Danny Cipriani’s England rugby future is in doubt after he pleaded guilty to charges of common assault and resisting arrest following an incident which left a female police officer with bruising.
Cipriani has been fined STG2000 ($A3500) a Jersey Magistrates’ Court and ordered to pay STG250 compensation for the bruised neck incurred by the officer during the confrontation at the Royal Yacht Hotel in St Helier on Wednesday.
Gloucester have come out in “full support” of their player but the Rugby Football Union has declined to comment and the 30-year-old’s international future now hangs in the balance only two months after it was relaunched in South Africa.

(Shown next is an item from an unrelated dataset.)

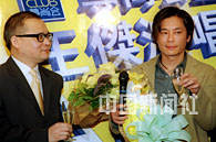 歌星王杰27日在香港出席「尊尚會呈獻王杰演唱會WANG'S 2001」記者會,會上英皇娛樂行政總裁李進與歌星王杰祝酒。中新社傳真 鄧慶樂 攝

Cipriani set up the crucial try in the third Test victory in Cape Town, his first start in a decade, ending England’s six-game losing run and improving the prospects of the fly-half’s involvement in next year’s World Cup.
But the latest lapse of judgement lengthens an already extensive disciplinary record and threatens to cast him straight back into the international wilderness so soon after succeeding in his two-and-a-half year quest to persuade coach Eddie Jones that he is too gifted to be overlooked.

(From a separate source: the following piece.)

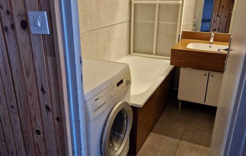 Two bathrooms, one with bath and washing machine, the other with shower. Separate WC.

Possibly signposting Jones’ reaction to the events in Jersey were comments made by England’s head coach in May when discussing his selection.
“If he’s on the front page for any other reason (other than rugby) he won’t be with us,” he told Sky Sports News.
“The baggage doesn’t worry me. It’s how he behaves in front of me. I can’t control what he’s done in the past. All I can do is control what he does in the future.”
The Australian has been forgiving of previous transgressions by England players but he may now feel the initial assessment of Cipriani, which meant he was overlooked despite his outstanding club form for Wasps, was correct.